Brief: Quote the entries below from the line with "- er kann in" through the line with "Mikael Lindholm Senior", both ends included, and only those lines.

Records shown:
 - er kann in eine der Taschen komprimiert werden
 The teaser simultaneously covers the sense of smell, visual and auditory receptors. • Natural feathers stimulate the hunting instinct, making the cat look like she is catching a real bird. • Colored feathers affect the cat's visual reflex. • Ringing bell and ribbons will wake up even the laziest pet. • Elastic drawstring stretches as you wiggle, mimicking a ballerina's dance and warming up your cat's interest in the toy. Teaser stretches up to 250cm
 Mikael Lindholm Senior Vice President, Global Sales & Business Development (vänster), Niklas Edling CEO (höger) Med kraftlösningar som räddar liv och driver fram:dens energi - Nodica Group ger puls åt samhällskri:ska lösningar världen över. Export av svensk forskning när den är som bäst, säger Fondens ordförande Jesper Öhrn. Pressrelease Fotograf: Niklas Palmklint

...

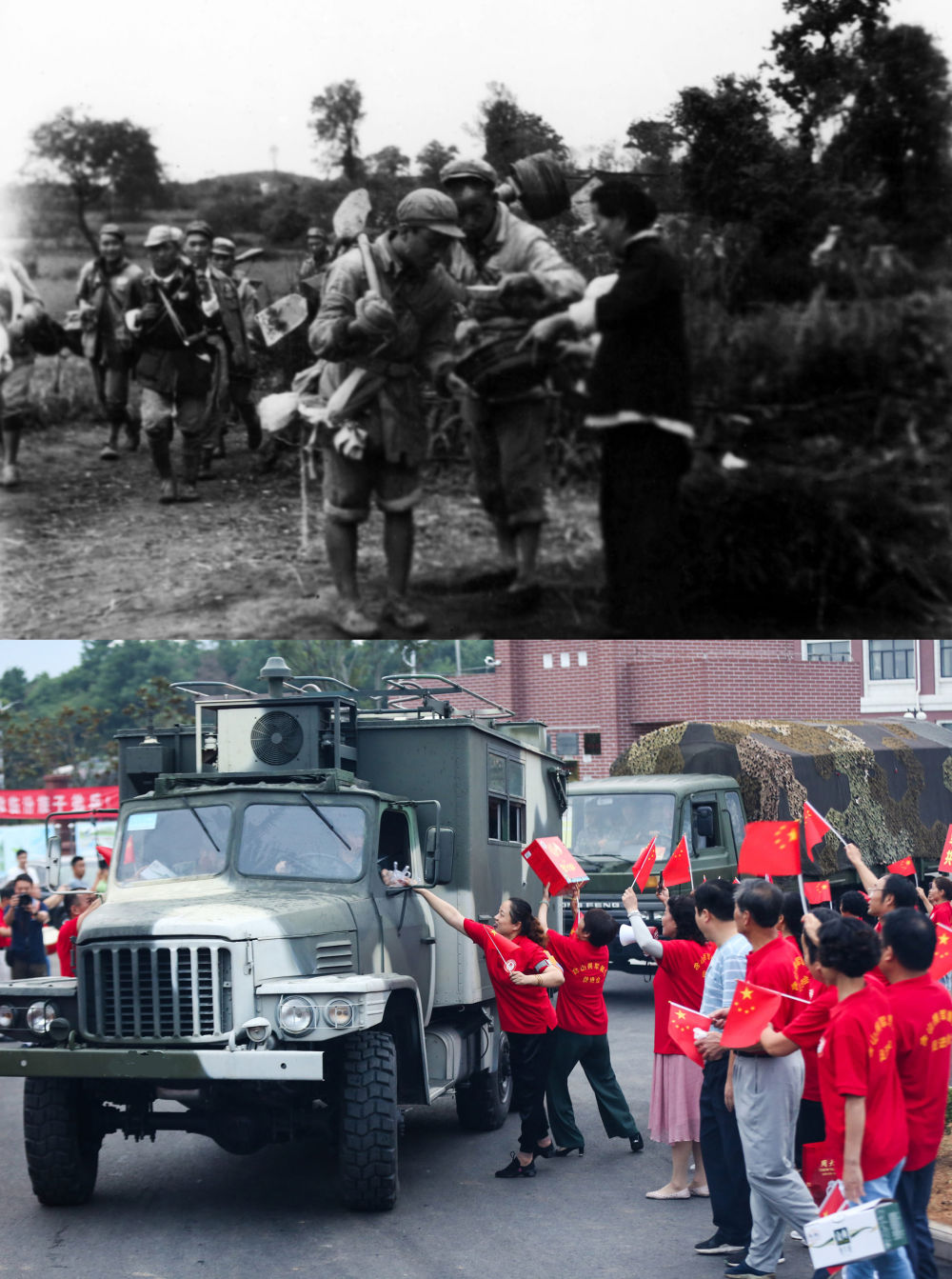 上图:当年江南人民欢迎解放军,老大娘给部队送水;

Response box:
 - er kann in eine der Taschen komprimiert werden
 The teaser simultaneously covers the sense of smell, visual and auditory receptors. • Natural feathers stimulate the hunting instinct, making the cat look like she is catching a real bird. • Colored feathers affect the cat's visual reflex. • Ringing bell and ribbons will wake up even the laziest pet. • Elastic drawstring stretches as you wiggle, mimicking a ballerina's dance and warming up your cat's interest in the toy. Teaser stretches up to 250cm
 Mikael Lindholm Senior Vice President, Global Sales & Business Development (vänster), Niklas Edling CEO (höger) Med kraftlösningar som räddar liv och driver fram:dens energi - Nodica Group ger puls åt samhällskri:ska lösningar världen över. Export av svensk forskning när den är som bäst, säger Fondens ordförande Jesper Öhrn. Pressrelease Fotograf: Niklas Palmklint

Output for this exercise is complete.